INSTRUCTIONS FOR THE TASK: The answer must consist solely of the lines from the opening line of the entries through the line with "Ilustración original para", transcribed exactly and without any pictures.

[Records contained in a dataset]
++++++++
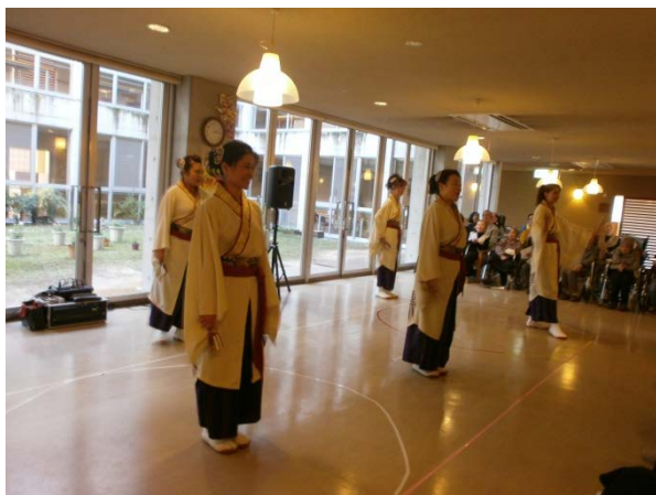
みのおよさこい踊り子隊 凜
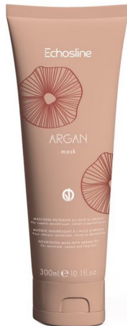
Argan Mask di Echosline

Anche i capelli crespi sono tipici della stagione autunnale; a volte, però, si presentano già in estate, magari al ritorno da una giornata in spiaggia, poiché la salsedine che tende a legarsi alla fibra capillare ha un'azione disidratante. Per scongiurare l'effetto paglia della chioma, servono - anche quotidianamente - maschere capelli crespi uomo a base di oli e burri vegetali . Uno su tutti l'olio di mandorle. «Questo si ottiene per spremitura a freddo dei semi del mandorlo» racconta Corinna Rigoni , presidente di Donne Dermatologhe Italia «ed è ricco di acido oleico e linoleico dalle virtù ristrutturanti ed elasticizzanti».
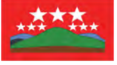
ဓနအမျိုးသားများအဖွဲ့ချုပ်ပါတီ၏အလံပုံစံ
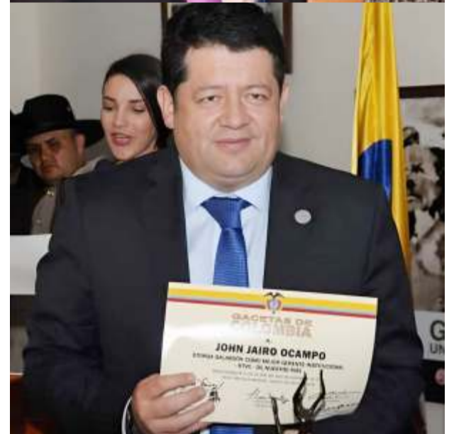
Dos periodistas para recordar siempre. Fueron galardonados con Galardones Heterogéneos de Gacetas de Colombia. La justicia divina existe. Sobran las palabras
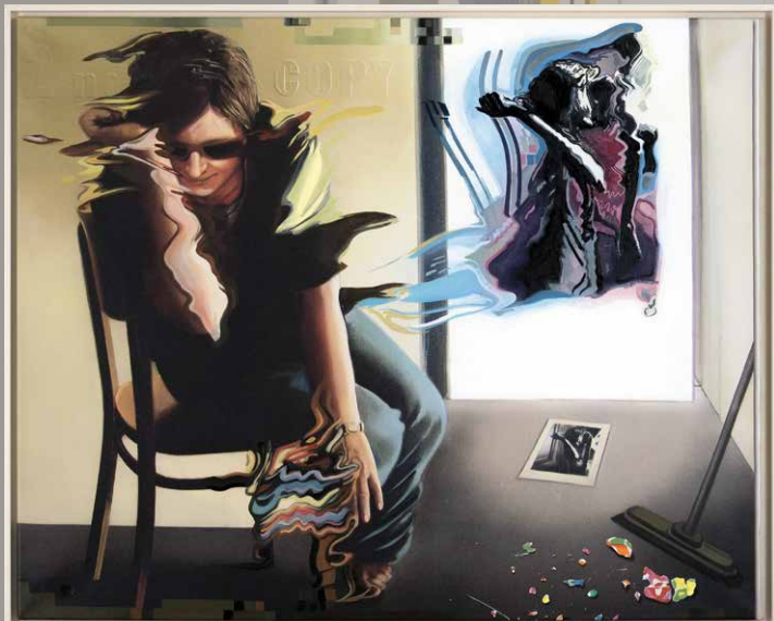
Klára BočKayová: More chce byť ako nebo, 1974, textil na sololite, akryl, fragment skla, 75,8 x 50 cm
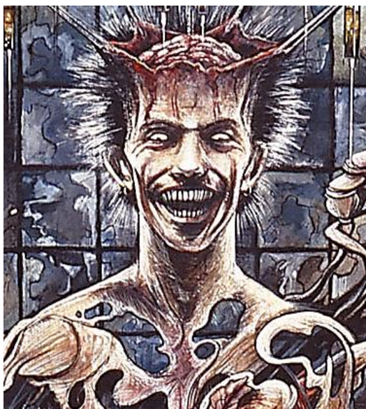
Ilustración original para los Libros de sangre de Clive Barker

Comienza el período del terror contemporáneo. A principios de la década de los ochenta Stephen King ya había escrito varias obras importantes, pero con IT se consolida como el «Rey del Terror» que reinará sobre por lo menos una década. El gore y la transgresión de Clive Barker o Chuck Palahniuk, la sutileza de Thomas Ligotti y la crueldad de Dan Simmons; todo se vuelve más brutal, King pierde el trono después de un largo declive y su hijo Joe Hill entra pisando fuerte aspirando quizás a heredar la corona de su padre.
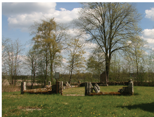
Tarsleds kyrkoruin, 2 km söder om Fölene kyrka

Kyrkstallet som är välbevarat och omsorgsfullt utformat står vid vägen nära huvudingången till kyrkogården med ena väggen upplagd på kyrkogårdsmuren. Huset representerar en numera ofta försvunnen byggnadskategori som vittnar om tiden före bilarna.
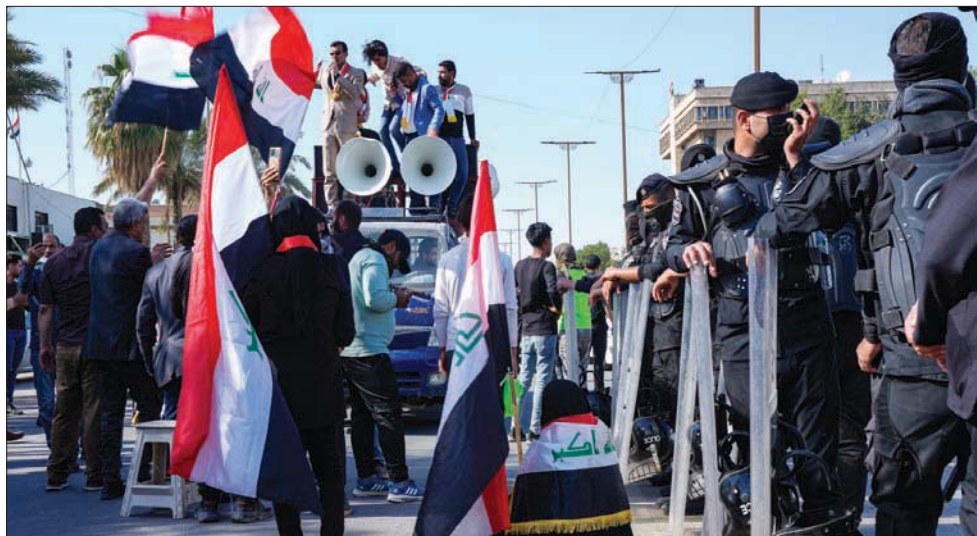
جانب من الاحتجاجات في بغداد ضد مشروع تعديل قانون الانتخابات في 27 فبراير الماضي

الشارع والاحتجاجات التي يمتلكها المعارضون. وكان الصربون والقوى المتحالفة معهم، قد نجحوا في نهاية المطاف في تعديل قانون الانتخابات وإلغاء صيغة «سانت ليغو» ذات القائمة شبه المغلقة والدائرة الواحدة، بصيغة الدوائر المتعددة والقوائم المفتوحة. ويات من المعروف أن معركة المؤيدين والرافضين لتعديل قانون الانتخابات، تدور رحاها بين قوى «الإطار التنسيقي» المصرة على التعديل بحكم هيمنتها على البرلمان من جهة، وبين التيار الصربي المنسحب من البرلمان وبعض القوى المدنية والأحزاب الصغيرة الراضية بالتعديل من جهة أخرى.
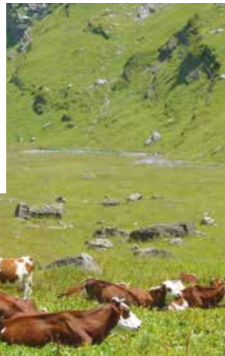
▲ NOS VACHES NE SONT PAS STRESSÉES.

« On fabrique la totalité à Salvadon car c'est trop compliqué de descendre le lait ». Faire pâture les bêtes à l'alpage est pour eux « une conception de l'agriculture de montagne mais aussi une étape obligée car, en bas, les surfaces baissent d'années en années ». Sous le Buet, la quinzaine d'ânesses de Sylvie Dalibard foule cet été l'alpage des Fonts pour la deuxième année consécutive. Cette ancienne infirmière a décidé, en 2011, de vivre de sa passion en créant un élevage d'ânes sardes et de Savoie, deux races du terroir, et ainsi transformer le lait d'ânesse en soins cosmétiques bio. Pour les fabriquer, elle utilise le surplus de lait des ânesses qui allaitent en priorité leur petit. Cela représente 300 litres de lait par an. Installée le reste du temps à Faucigny, sa venue aux Fonts a été pour elle l'opportunité de mettre en pratique l'option qu'elle a choisie au cours de sa formation, à savoir la gestion d'un alpage. « En plus, je peux le faire dans un cadre magnifique ! » ajoute-t-elle. Même son de cloche du côté de Grenairon où, l'année dernière, David et Christelle Raymond ont repris l'alpage inexploité depuis 1969. « On ne regrette pas notre installation ici,
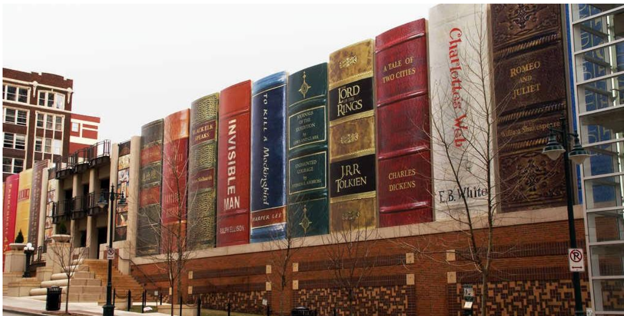
Biblioteka w Kansas (USA)
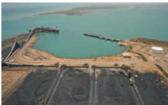
Rys. 12. Jeden z największych portów węglowych na świecie Fig. 12. One of the largest coal terminal in the world
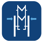
Totalbredd ihop- fälld ▼
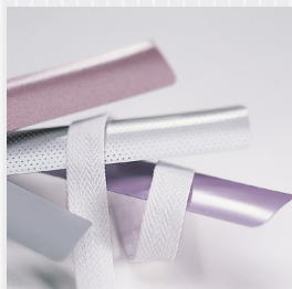
Lameller och vävda band finns i flera färger
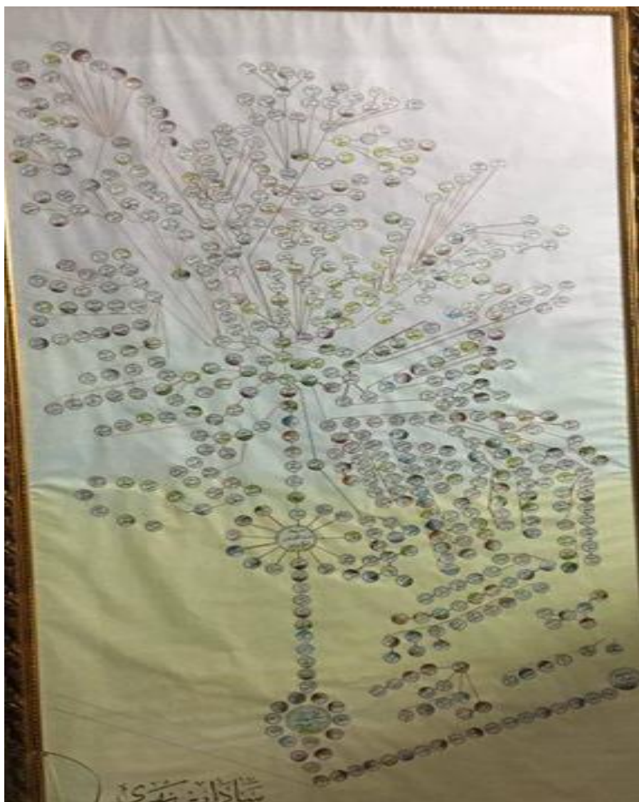
وینه‌ی دره‌ختی ساداتی نه‌ری.
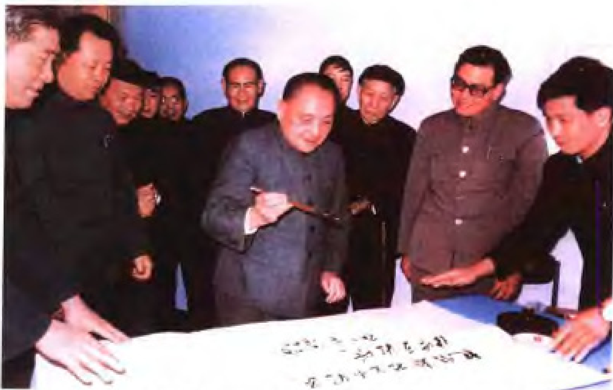
1984年2月,邓小平视察厦门经济特区时,题写“把经济特区办得更快些更好些”
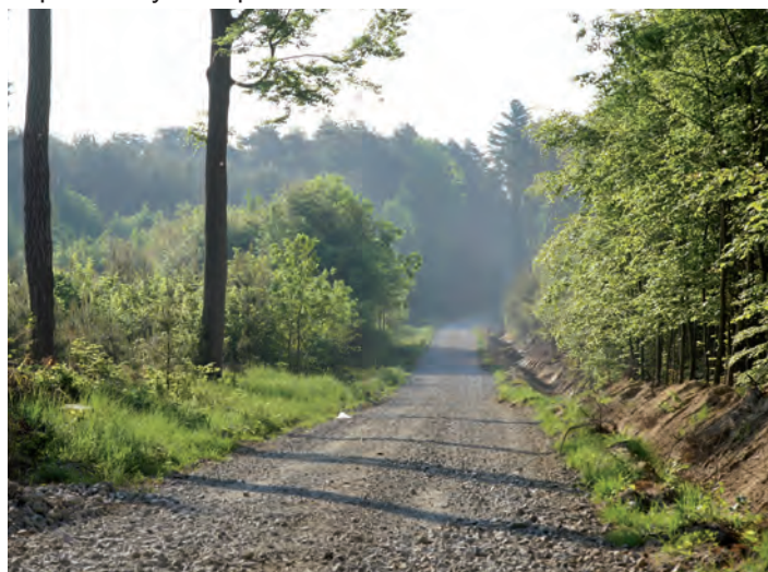
Jeden z odcinków szlaku nordic walking
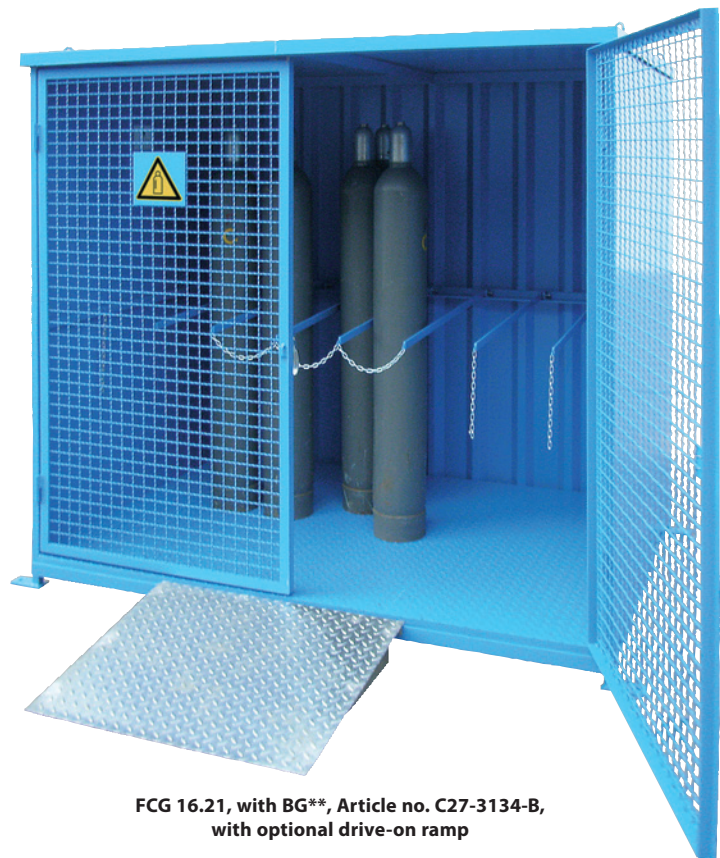
FCG 16.21, with BG**, Article no. C27-3134-B, with optional drive-on ramp
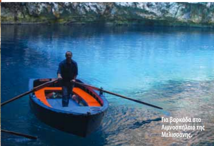
Για βαρκάδα στο Λιμνοσπήλαιο της Μελισσάνης.
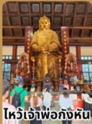
ไหว้เจ้าพ่อกั้งหัน
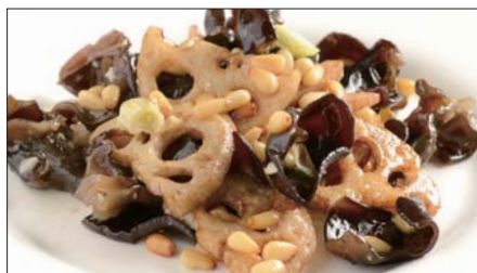
黒キクラゲ、蓮根、松の実の炒め Sauteed Judas's-ear and Lotus and pine nut 木耳炒蓮藕
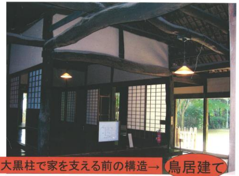
大黒柱で家を支える前の構造→鳥居建て
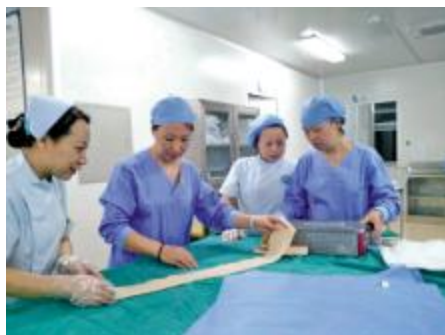
护士长和同事共同商讨工作流程

跟着紧张的节奏一直忙碌的科室还有很多,比如完成手术任务的麻醉科和手术室,遵循医学的誓言,面对患者生命健康的需要,他们毫无怨言。
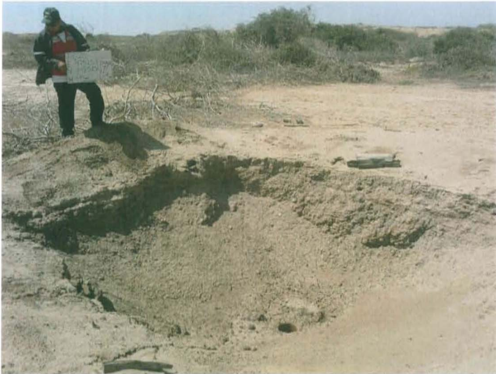
Fotografía N° 1. Vista panorámica del pozo T3007, ubicado dentro de un hoyo.

"Año de la Promoción de la Industria Responsable y del Compromiso Climático" "Decenio de las Personas con Discapacidad en el Perú"
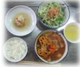
前回の料理は根菜カレ ースープ、大根サラダ、 里芋まんじゅうなど

8回目 12月24日(火)9:30~ お正月料理に挑戦!かまぼ こ飾り、栗きんとん、だし巻き、 煮しめ、紅白なます、ケーキ 9回目 翌年1月24日(予定)
++++++++
EXERCISE SOLUTION:
みのおよさこい踊り子隊 凜
Argan Mask di Echosline

Anche i capelli crespi sono tipici della stagione autunnale; a volte, però, si presentano già in estate, magari al ritorno da una giornata in spiaggia, poiché la salsedine che tende a legarsi alla fibra capillare ha un'azione disidratante. Per scongiurare l'effetto paglia della chioma, servono - anche quotidianamente - maschere capelli crespi uomo a base di oli e burri vegetali . Uno su tutti l'olio di mandorle. «Questo si ottiene per spremitura a freddo dei semi del mandorlo» racconta Corinna Rigoni , presidente di Donne Dermatologhe Italia «ed è ricco di acido oleico e linoleico dalle virtù ristrutturanti ed elasticizzanti».
ဓနအမျိုးသားများအဖွဲ့ချုပ်ပါတီ၏အလံပုံစံ
Dos periodistas para recordar siempre. Fueron galardonados con Galardones Heterogéneos de Gacetas de Colombia. La justicia divina existe. Sobran las palabras
Klára BočKayová: More chce byť ako nebo, 1974, textil na sololite, akryl, fragment skla, 75,8 x 50 cm
Ilustración original para los Libros de sangre de Clive Barker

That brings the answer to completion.